Severe Left Ventricular Outflow Tract Obstruction Following Arteriovenous Fistula Reopening in a Dialysis Patient With Left Ventricular Hypertrophy
Abbas Rachid, Batoul Chaaban, Malek Mohammed, Nina M Khalil, Hasan Kazma

TL;DR
A dialysis patient with heart issues experienced severe heart complications after reopening an arteriovenous fistula, which improved after the fistula was closed.
Contribution
This case highlights the risks of AVF reopening in patients with preexisting left ventricular hypertrophy.
Findings
AVF reopening led to severe LVOT obstruction and mitral regurgitation in a patient with left ventricular hypertrophy.
Symptoms and echocardiographic abnormalities resolved after surgical AVF closure.
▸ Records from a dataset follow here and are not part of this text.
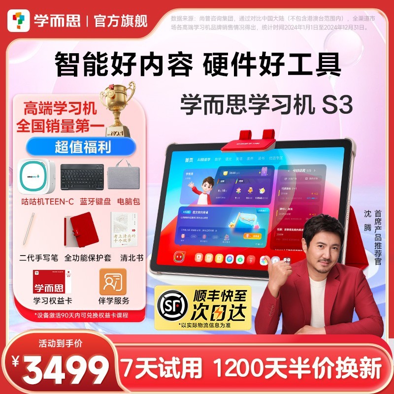 现在天猫商城限时促销,颜色分类为学而思学习机S3,内存256GB官方标配款,原价3599元,使用满3000减100优惠券后,最终到手价仅需3499元,性价比超高,值得入手!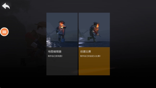 如下图所示,这里有两种游玩模式可供选择。其一为地图编辑器模式,玩家能在此自由地对地图进行编辑;其二是创建比赛模式,玩家可通过该模式来自定义比赛的具体形式。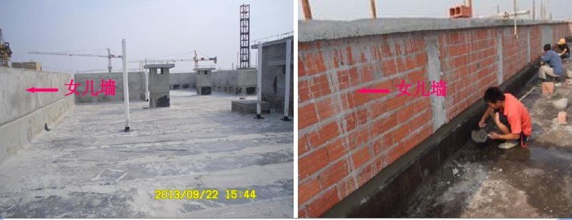 9、女儿墙:指的是建筑物屋顶外围的矮墙,除了护栏作用外,还起到给平面防水层上翻收口,以避免防水层渗水或是屋顶雨水漫流。依建筑技术规则规定,女儿墙被视作栏杆的作用,如建筑物在10层楼以上高度不得小于1.2m,为避免业者刻意加高女儿墙,方便以后搭盖违建,亦规定高度最高不得超过1.5m。
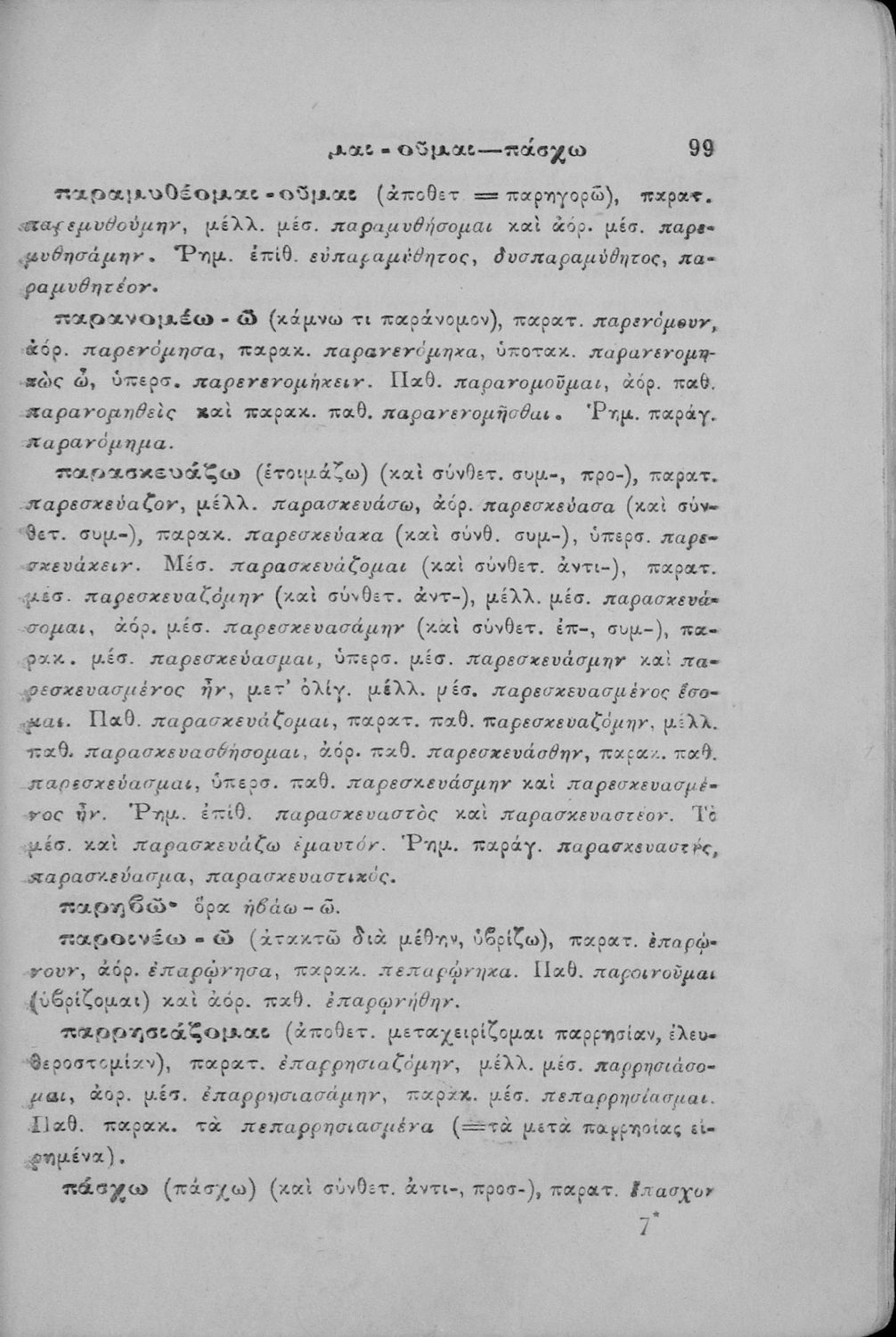 Μαθητικό βοήθημα Αρχαίων Ελληνικών Ελληνικού Σχολείου και Παρθεναγωγείου που περιέχει κατάλογο των ανώμαλων ρημάτων και ονομάτων της αρχαίας ελληνικής γραμματείας και ετυμολογικές, γραμματικές και σημασιολογικές παρατηρήσεις..

The case underscores the need for cardiovascular evaluation before AVF reopening in at-risk patients.
Abstract
Arteriovenous fistulas (AVFs) are the preferred vascular access for hemodialysis due to their durability and lower risk of complications than alternative access methods. However, AVFs can significantly impact cardiac function, particularly in patients with preexisting cardiovascular conditions. We present a case of a 56-year-old female with a history of hypertension and end-stage renal disease who developed recurrent hypotension, dizziness, and dyspnea following AVF reopening. The echocardiographic evaluation revealed severe left ventricular hypertrophy, systolic anterior motion of the mitral valve, significant mitral regurgitation, and left ventricular outflow tract (LVOT) obstruction with a high-pressure gradient. Despite medical management with beta-blockers, symptoms persisted, leading to the decision to close the AVF surgically. Following AVF closure, echocardiography showed a…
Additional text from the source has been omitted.